First of all, SAE adopted the in-place upgrade capability. SAE initially used the original Deployment rolling upgrade strategy of K8s for the release process, which would first create a new version of Pod and then destroy the old version of Pod for the upgrade. The so-called in-place upgrade, That is, only one or more container versions of a Pod are updated without affecting the entire Pod object and the upgrade of other containers. The K8s Patch capability enables in-place Container upgrade, and the K8s readinessGates capability enables traffic loss during the upgrade.
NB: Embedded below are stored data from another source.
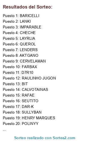 Lista de participantes: CHECHE, LENDERS, ADELVAL, POLINYY, FARBAX, RAULINHO JUGON, LANKI, HENRY MARQUES, SULLYBAN, MAKAROOV, BARICELLI, ITOGOL, IMPARABLE, D7R10, JOSE VALLECAS, KERO, AKTGANO, CERVELAMAN, LAYRLIA, SEUTITO, BIT, RAFAE, CALVOTAINAS, QUEROL, VLADI, DAR-K.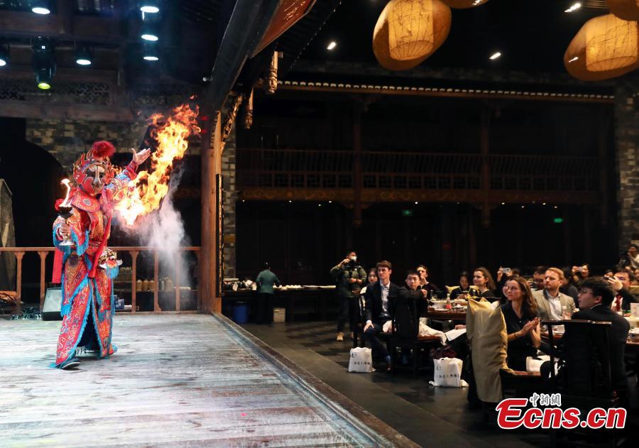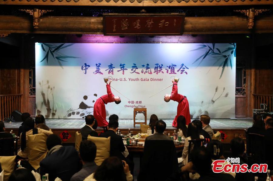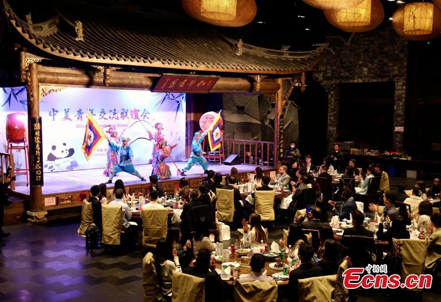 U.S. students watch tea pouring performance during a gala dinner in Chengdu, southwest China's Sichuan Province, Jan. 7, 2024. (Photo: China News Service/Wang Lei)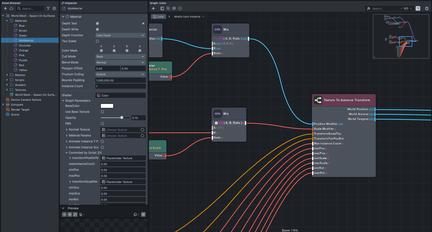Each referenced Render Mesh Visual has a special graph material. Since we are populating the world with a lot of these objects, it is more efficient to instantiate them through their material (shader), rather than with additional scene objects.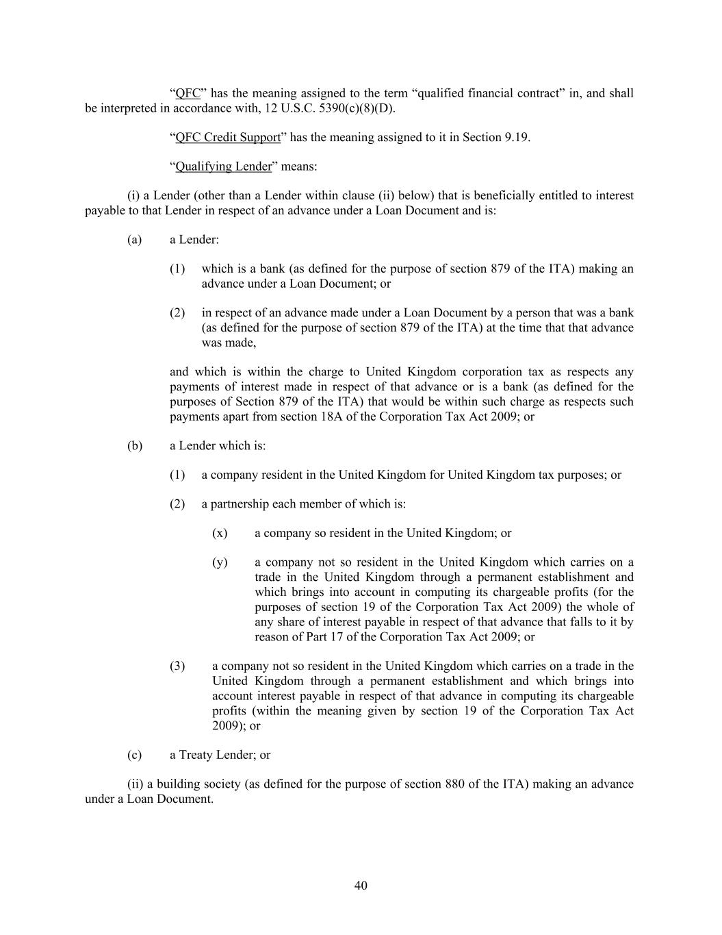 “QFC” has the meaning assigned to the term “qualified financial contract” in, and shall be interpreted in accordance with, 12 U.S.C. 5390(c)(8)(D). “QFC Credit Support” has the meaning assigned to it in Section 9.19. “Qualifying Lender” means: (i) a Lender (other than a Lender within clause (ii) below) that is beneficially entitled to interest payable to that Lender in respect of an advance under a Loan Document and is: (a) a Lender: (1) which is a bank (as defined for the purpose of section 879 of the ITA) making an advance under a Loan Document; or (2) in respect of an advance made under a Loan Document by a person that was a bank (as defined for the purpose of section 879 of the ITA) at the time that that advance was made, and which is within the charge to United Kingdom corporation tax as respects any payments of interest made in respect of that advance or is a bank (as defined for the purposes of Section 879 of the ITA) that would be within such charge as respects such payments apart from section 18A of the Corporation Tax Act 2009; or (b) a Lender which is: (1) a company resident in the United Kingdom for United Kingdom tax purposes; or (2) a partnership each member of which is: (x) a company so resident in the United Kingdom; or (y) a company not so resident in the United Kingdom which carries on a trade in the United Kingdom through a permanent establishment and which brings into account in computing its chargeable profits (for the purposes of section 19 of the Corporation Tax Act 2009) the whole of any share of interest payable in respect of that advance that falls to it by reason of Part 17 of the Corporation Tax Act 2009; or (3) a company not so resident in the United Kingdom which carries on a trade in the United Kingdom through a permanent establishment and which brings into account interest payable in respect of that advance in computing its chargeable profits (within the meaning given by section 19 of the Corporation Tax Act 2009); or (c) a Treaty Lender; or (ii) a building society (as defined for the purpose of section 880 of the ITA) making an advance under a Loan Document. 40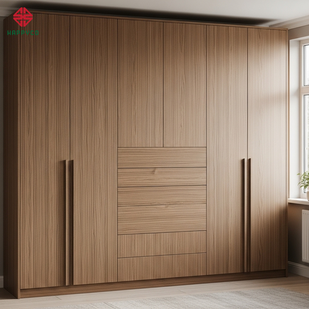 Tạo nhịp điệu không gian: Thợ mộc Happy Décor sử dụng vân đứng cho cánh tủ kịch trần để kéo cao căn phòng, và vân ngang cho các hộc kéo hoặc kệ trang trí để tạo chiều sâu.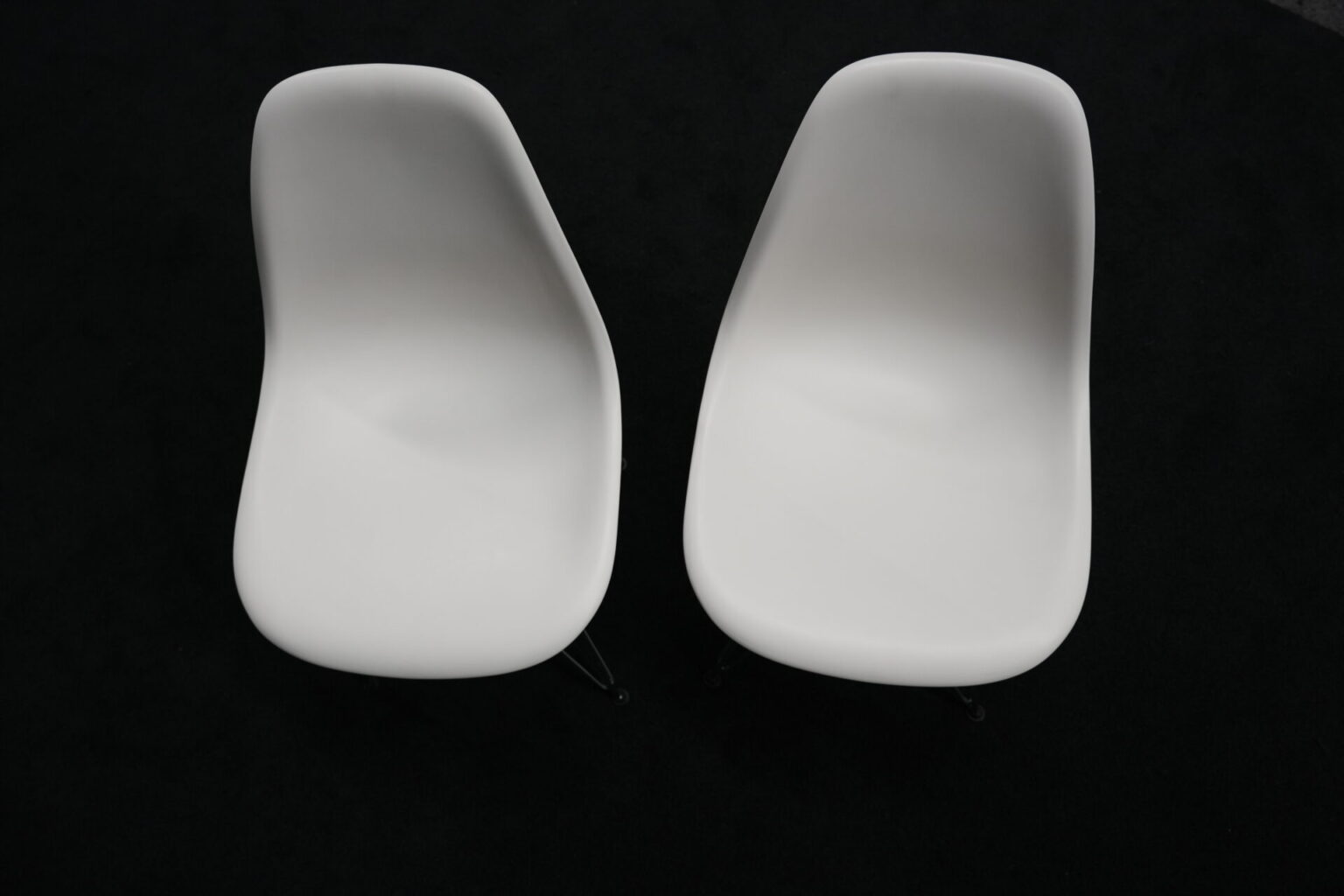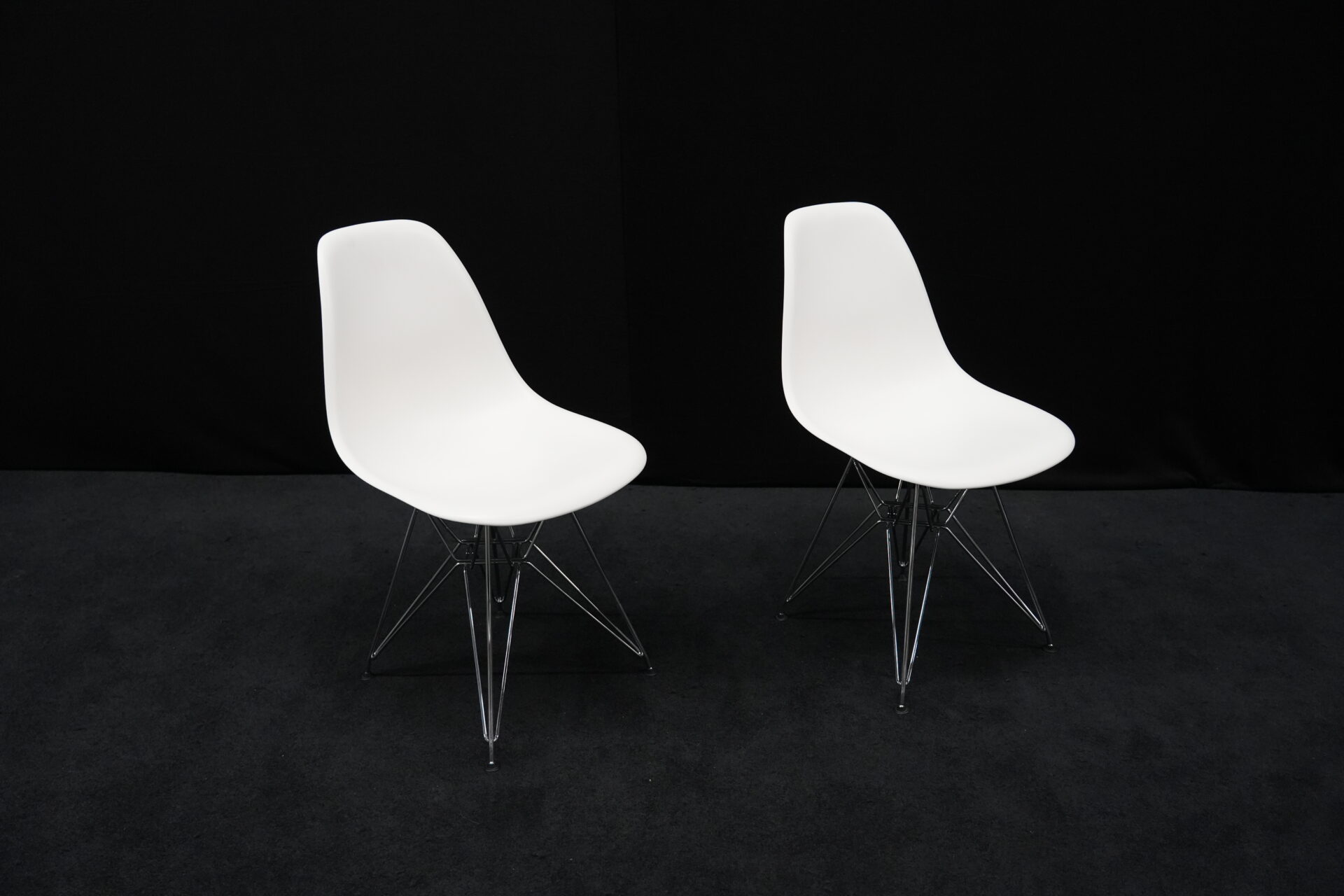 2x Vitra Plastic Side Chair RE DSR | Marke: Vitra | Farbe: Weiß | Abmessungen: H 80cm | SH: 46cm | T: 44cm | B: 46cm

The most important of these is the avoidance of rescheduling and the rebuilding of Sidecar containers (ARMS,SLS,AHAS), which can change the deployment time from the entire Pod life cycle to just pulling and creating business containers. At the same time, due to no scheduling, New images can be cached on Node in advance to improve elastic efficiency. SAE adopted Cloneset from Alibaba’s Open source Openkruise project as the new application load, and improved overall elastic efficiency by 42% with its in-place upgrade capability.

At the same time, SAE adopts the image preheating capability, which includes two forms of preheating: pre-scheduling preheating, SAE will carry out full node cache for the common base image to avoid its frequent pulling from the remote end. At the same time for partial support scheduling of preheating of scene, with the help of Cloneset situ upgrade ability, in the process of upgrading can sense to the instance of node distribution, could be the first to deploy new versions mirror at the same time, for the back lot instances of the node to the pull of the mirror, and realize the scheduling and pull the user mirror in parallel. SAE achieved a 30% increase in elastic efficiency through this technology.

The optimization point mentioned above is to pull the image. For decompressed images, traditional container operations need to download the full image data and then unpack it. However, container startup may only use part of the image content, resulting in a long time for container startup. SAE uses the image acceleration technology to automatically transform the original standard image format into an accelerated image that supports random reading. This enables image data to be downloaded and decompressed online, greatly improving application distribution efficiency. In addition, THE P2P distribution capability provided by Acree can effectively reduce image distribution time.

SAE, in collaboration with Dragonwell 11, provides an enhanced AppCDS startup acceleration strategy, which stands for Application Class Data Sharing. Using this technology, you can obtain the Classlist when an application is started and Dump the shared class files. When an application is started again, the shared file can be used to start the application, effectively reducing the cold startup time. In an SAE deployment scenario, a cache file is generated on a shared NAS after the application is started. The cache file can be used to start the application during the next release. Overall cold start efficiency increased by 45%.

In addition to optimizing efficiency throughout the application life cycle, SAE also optimized the elastic scaling process, which consists of obtaining elastic metrics, making metric decisions, and performing elastic scaling operations. For the elastic index acquisition, the basic monitoring index data has reached the second level acquisition, and for the seven-layer application monitoring index, SAE is planning to adopt a transparent traffic interception scheme to ensure the real-time acquisition of the index. In the elastic decision phase, the elastic component enables concurrent processing of multiple queues to Reconcile, and monitors queue accumulation and delay in real time.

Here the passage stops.